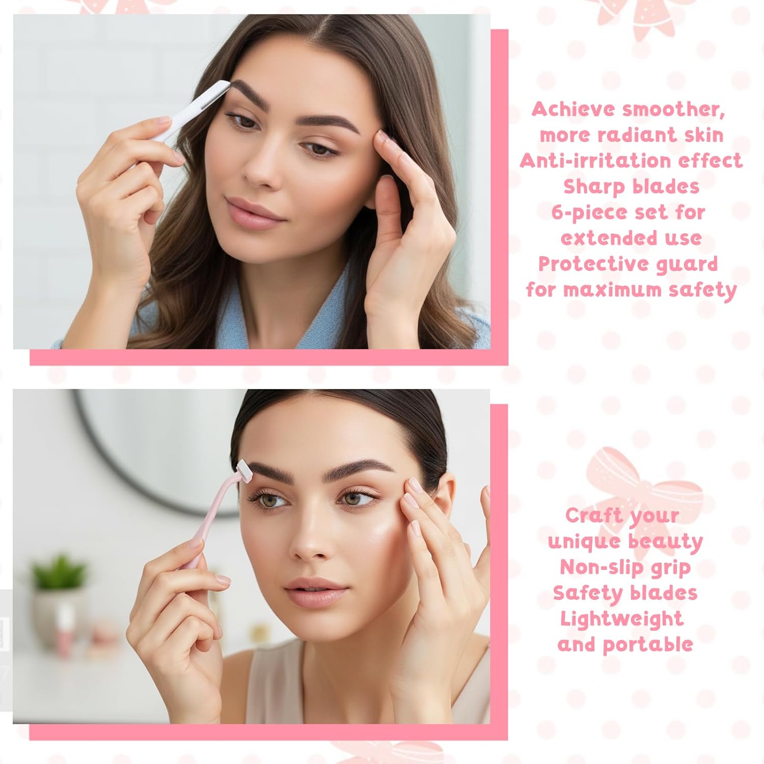 Premium Materials: these brow razors are made with high-quality stainless steel blades and ABS handles, ensuring durability and preventing rust. They are gentle on the skin, safe for hair removal, and minimize the risk of cuts and nicks. You can use them with confidence
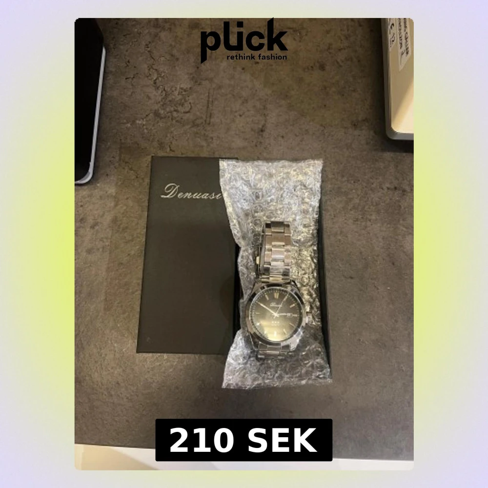 Stilren klocka från Denuasi med rund urtavla i svart och silverfärgat armband i metall. Urtavlan har datumvisning och markerade index, och armbandet är klassiskt länkformat. Perfekt för dig som gillar en clean och modern look.silver klocka aldrig använd- kommer ifrån Gurkis företag som även andra stora kreatörer som krobbe använt den
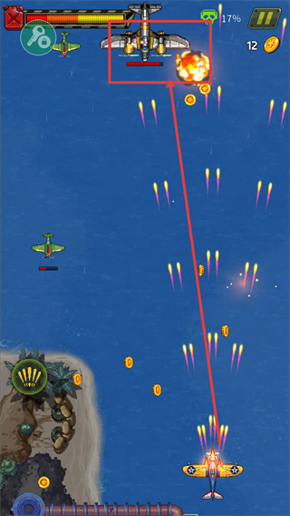 2、视觉表现效果出众,凭借竖版射击的独特视角,呈现出史诗级的空战场景,让玩家沉浸式感受激烈空战的震撼氛围。
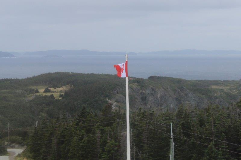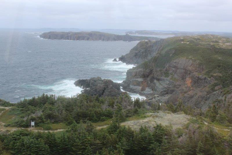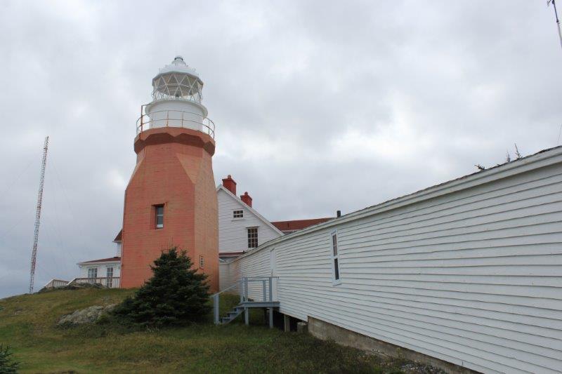 The former light keepers house is now a small museum about the by-gone days of wooden boat building in Newfoundland. Because we were freezing we decided to go and look around and have a chance to warm up inside. When we bought our ticket for the museum we were asked if we also wanted to climb up to the light. I love lighthouses and we hadn’t done our stair climbing yet today so I said we would. It was only 55 steps to the top, so not too arduous. The view was lovely even with the dark clouds and the wind was so strong you could hear it batter the glass. The poor flagpole was arcing back and forth and a third of the flag was wrapped around the top thrashing about.

**Exercise requirements**
Reproduce the material above in full and without alteration, but skip all pictures.

**Result below**
 Premium Materials: these brow razors are made with high-quality stainless steel blades and ABS handles, ensuring durability and preventing rust. They are gentle on the skin, safe for hair removal, and minimize the risk of cuts and nicks. You can use them with confidence
 Stilren klocka från Denuasi med rund urtavla i svart och silverfärgat armband i metall. Urtavlan har datumvisning och markerade index, och armbandet är klassiskt länkformat. Perfekt för dig som gillar en clean och modern look.silver klocka aldrig använd- kommer ifrån Gurkis företag som även andra stora kreatörer som krobbe använt den
 2、视觉表现效果出众,凭借竖版射击的独特视角,呈现出史诗级的空战场景,让玩家沉浸式感受激烈空战的震撼氛围。
 The former light keepers house is now a small museum about the by-gone days of wooden boat building in Newfoundland. Because we were freezing we decided to go and look around and have a chance to warm up inside. When we bought our ticket for the museum we were asked if we also wanted to climb up to the light. I love lighthouses and we hadn’t done our stair climbing yet today so I said we would. It was only 55 steps to the top, so not too arduous. The view was lovely even with the dark clouds and the wind was so strong you could hear it batter the glass. The poor flagpole was arcing back and forth and a third of the flag was wrapped around the top thrashing about.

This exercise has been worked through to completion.